Repeat, exactly and with no pictures, the lines that run from the beginning of the entries through the line containing "Enable or disable".

___ DATASET

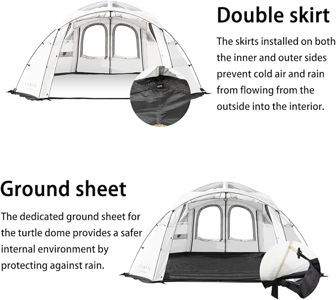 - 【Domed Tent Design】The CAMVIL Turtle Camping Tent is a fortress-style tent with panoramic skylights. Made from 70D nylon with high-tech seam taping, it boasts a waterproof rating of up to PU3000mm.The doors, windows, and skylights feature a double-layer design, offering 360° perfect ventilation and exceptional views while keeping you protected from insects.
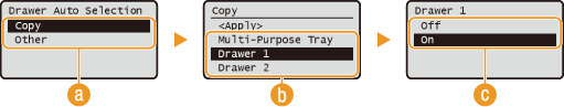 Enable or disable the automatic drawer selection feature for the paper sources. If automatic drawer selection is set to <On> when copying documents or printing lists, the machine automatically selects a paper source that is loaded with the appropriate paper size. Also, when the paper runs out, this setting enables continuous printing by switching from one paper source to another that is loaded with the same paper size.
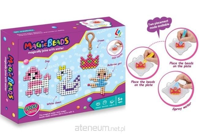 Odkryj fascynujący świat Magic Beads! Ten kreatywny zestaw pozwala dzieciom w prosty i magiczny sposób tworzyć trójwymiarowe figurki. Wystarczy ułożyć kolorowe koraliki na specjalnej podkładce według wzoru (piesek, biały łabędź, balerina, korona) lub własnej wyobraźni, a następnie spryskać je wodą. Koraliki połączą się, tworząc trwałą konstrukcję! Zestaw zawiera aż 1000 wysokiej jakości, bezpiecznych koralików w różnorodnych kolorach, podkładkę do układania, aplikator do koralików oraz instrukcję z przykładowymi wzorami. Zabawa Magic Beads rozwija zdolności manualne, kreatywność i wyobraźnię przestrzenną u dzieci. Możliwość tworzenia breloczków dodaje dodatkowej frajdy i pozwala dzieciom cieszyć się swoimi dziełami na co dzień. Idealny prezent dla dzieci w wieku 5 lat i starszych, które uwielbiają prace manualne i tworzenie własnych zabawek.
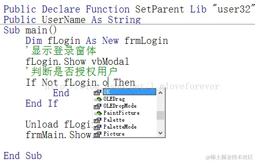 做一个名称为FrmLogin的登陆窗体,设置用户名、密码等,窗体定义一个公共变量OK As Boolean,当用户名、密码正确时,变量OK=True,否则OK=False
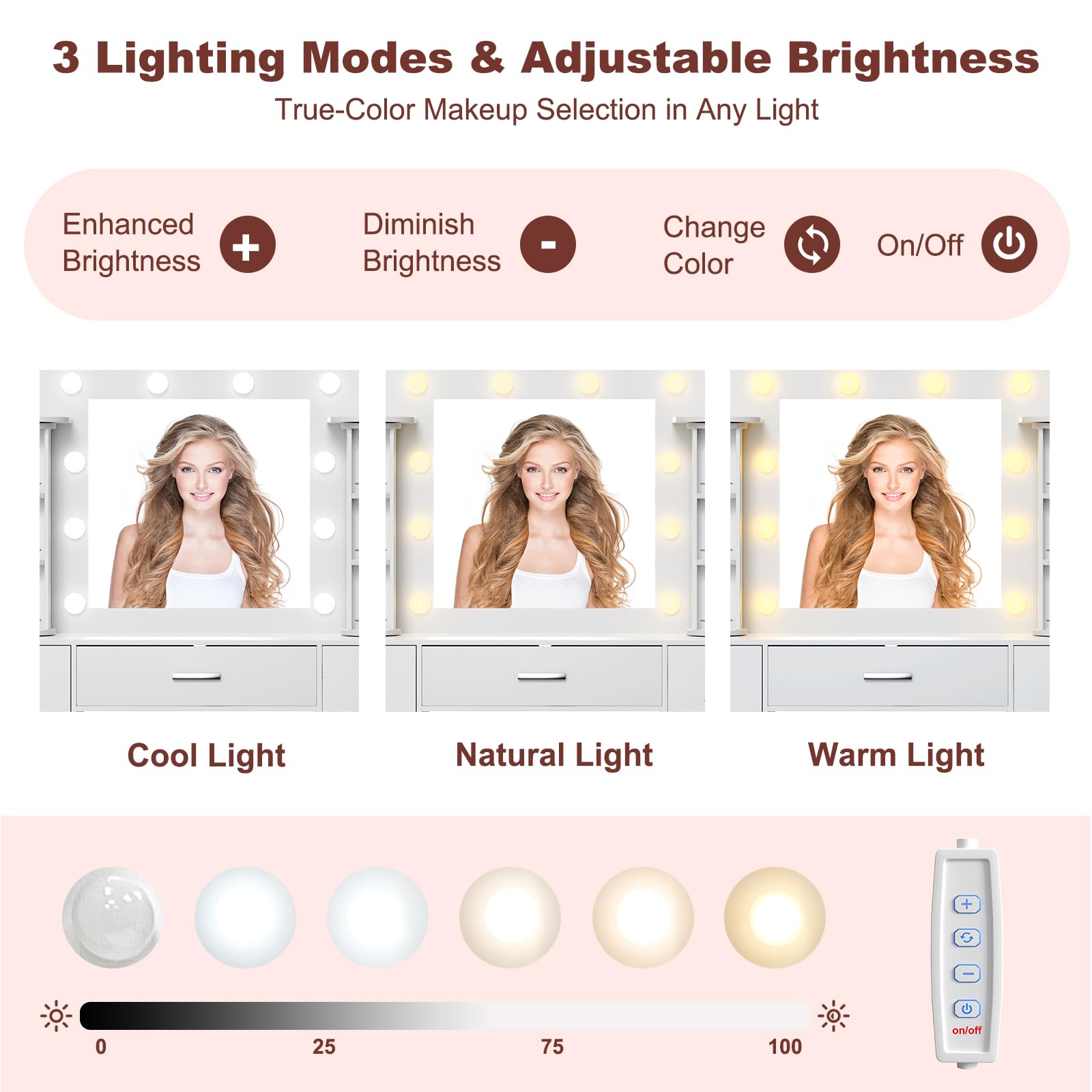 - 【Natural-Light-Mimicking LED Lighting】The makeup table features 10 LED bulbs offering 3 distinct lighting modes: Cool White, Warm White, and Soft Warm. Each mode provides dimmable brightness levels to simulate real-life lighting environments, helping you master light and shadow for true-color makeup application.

______

:: SOLUTION FOR THIS EXERCISE ::
 - 【Domed Tent Design】The CAMVIL Turtle Camping Tent is a fortress-style tent with panoramic skylights. Made from 70D nylon with high-tech seam taping, it boasts a waterproof rating of up to PU3000mm.The doors, windows, and skylights feature a double-layer design, offering 360° perfect ventilation and exceptional views while keeping you protected from insects.
 Enable or disable the automatic drawer selection feature for the paper sources. If automatic drawer selection is set to <On> when copying documents or printing lists, the machine automatically selects a paper source that is loaded with the appropriate paper size. Also, when the paper runs out, this setting enables continuous printing by switching from one paper source to another that is loaded with the same paper size.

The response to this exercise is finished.